===== Data =====
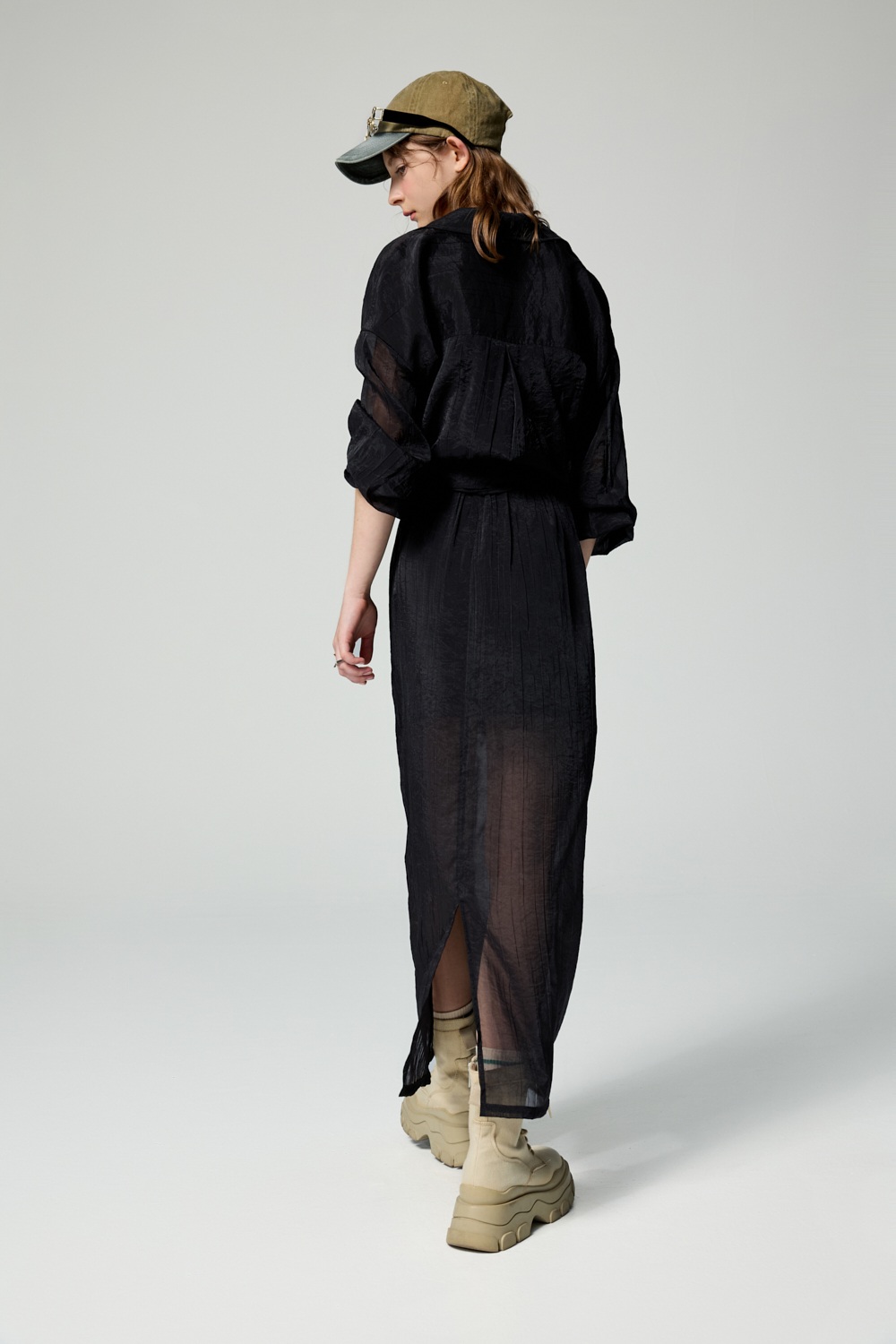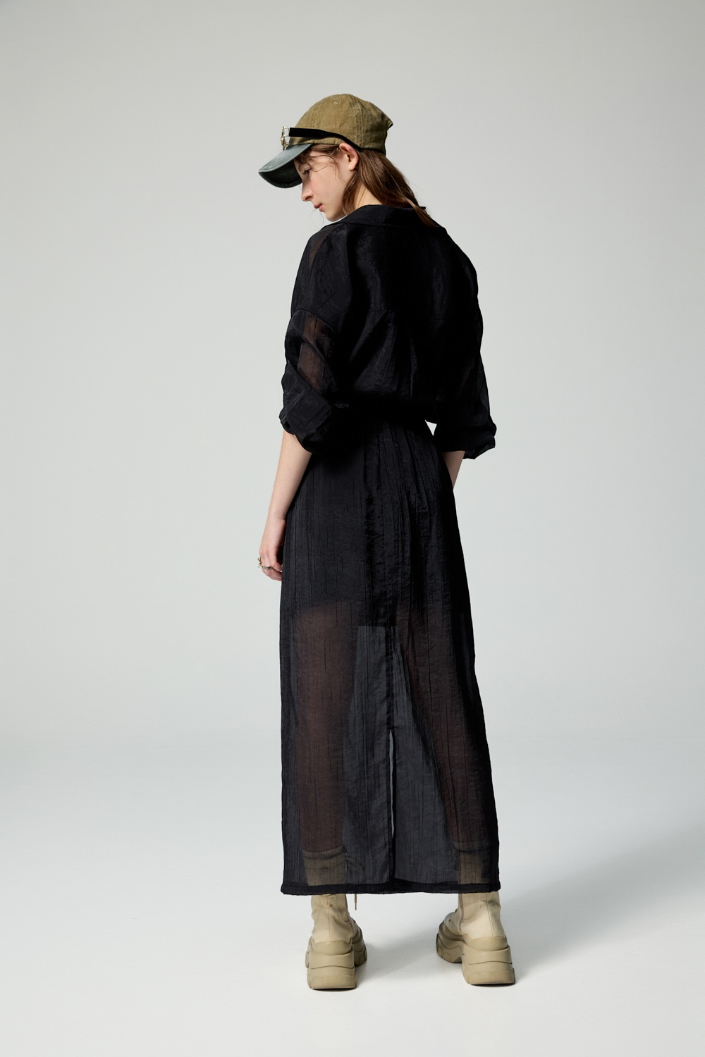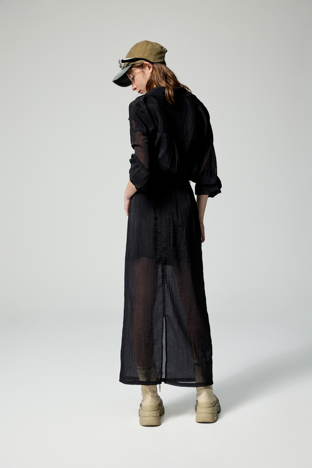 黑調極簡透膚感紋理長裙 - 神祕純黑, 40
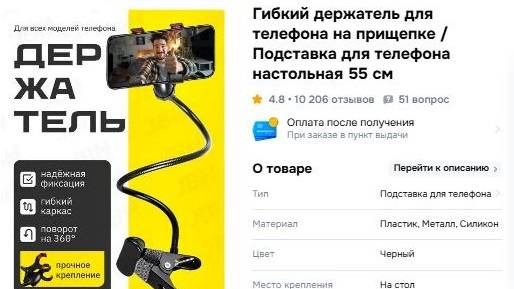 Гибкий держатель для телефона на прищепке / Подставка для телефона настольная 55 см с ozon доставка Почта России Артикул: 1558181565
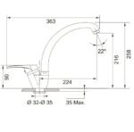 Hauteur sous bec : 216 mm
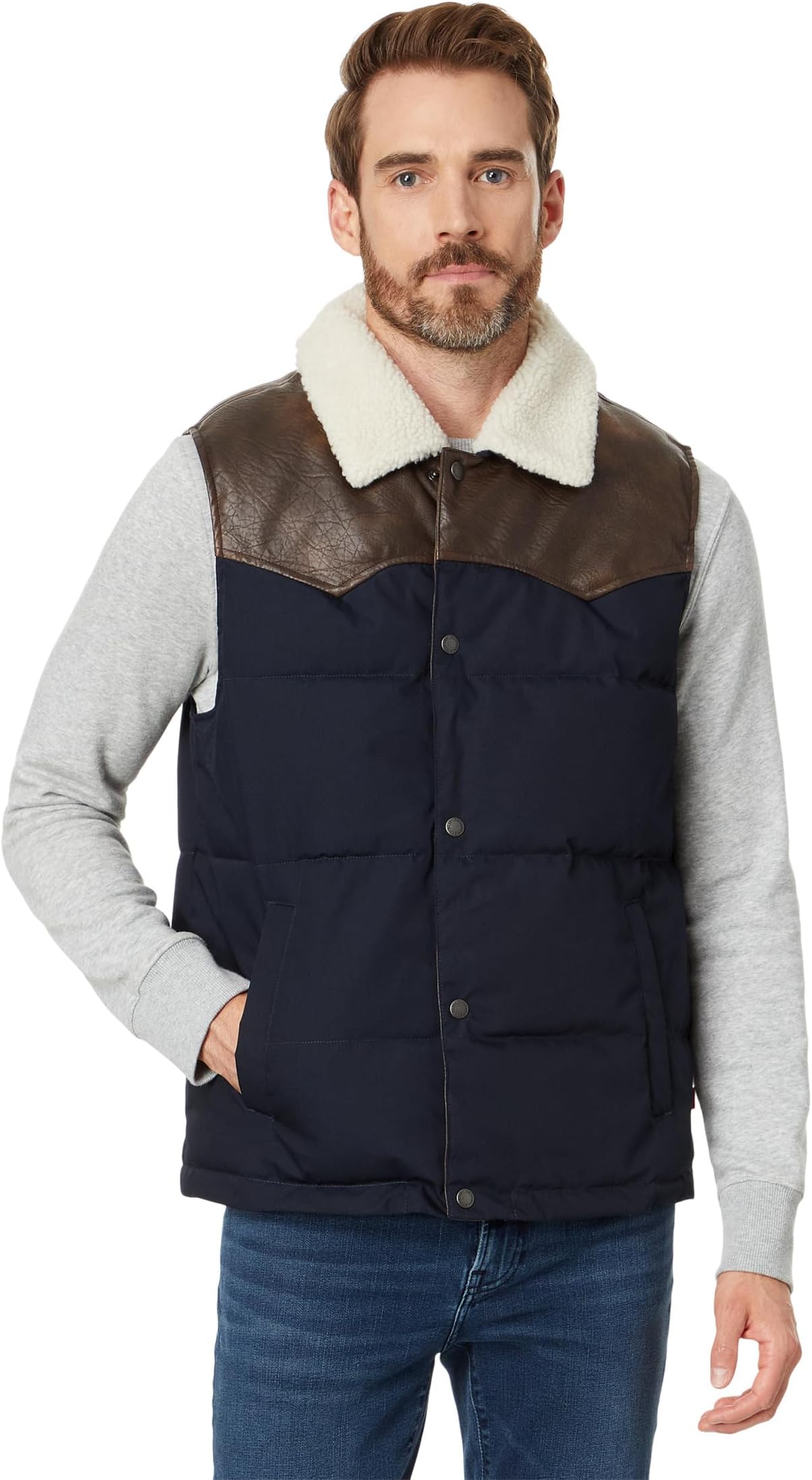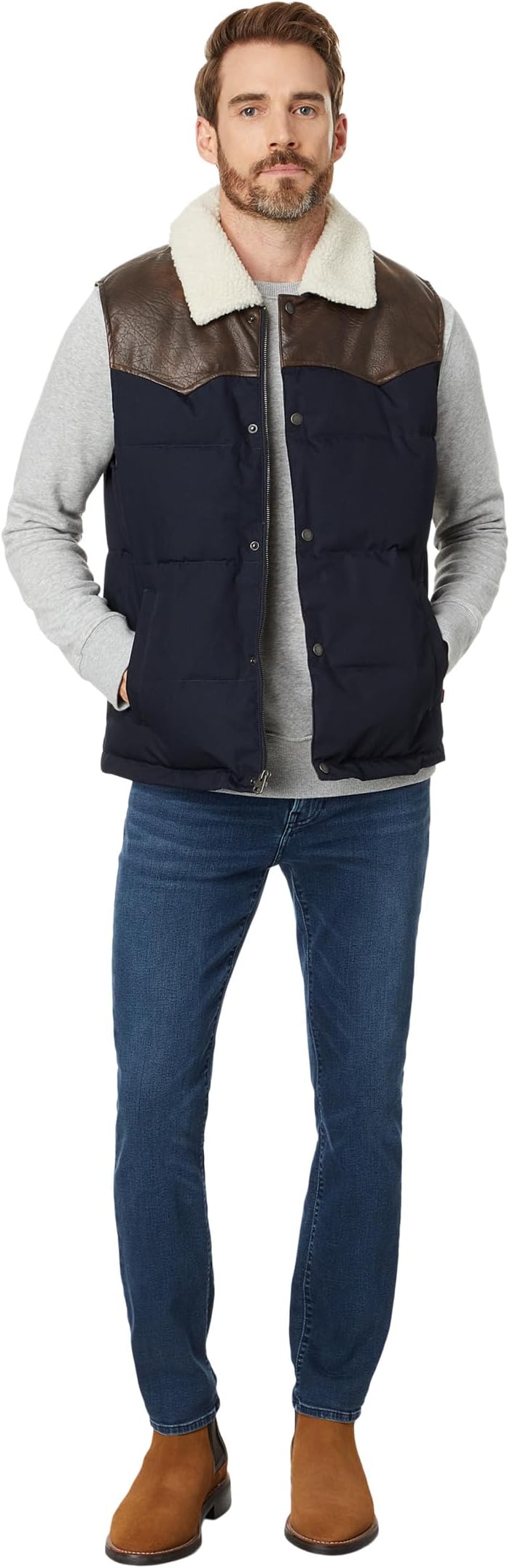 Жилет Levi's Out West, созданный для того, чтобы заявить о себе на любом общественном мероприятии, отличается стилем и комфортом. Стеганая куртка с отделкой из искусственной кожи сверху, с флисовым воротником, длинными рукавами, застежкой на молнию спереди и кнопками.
=====
# Exercise directions
Make an exact copy of the data above, pictures excluded.

# Solution to the problem
 黑調極簡透膚感紋理長裙 - 神祕純黑, 40
 Гибкий держатель для телефона на прищепке / Подставка для телефона настольная 55 см с ozon доставка Почта России Артикул: 1558181565
 Hauteur sous bec : 216 mm
 Жилет Levi's Out West, созданный для того, чтобы заявить о себе на любом общественном мероприятии, отличается стилем и комфортом. Стеганая куртка с отделкой из искусственной кожи сверху, с флисовым воротником, длинными рукавами, застежкой на молнию спереди и кнопками.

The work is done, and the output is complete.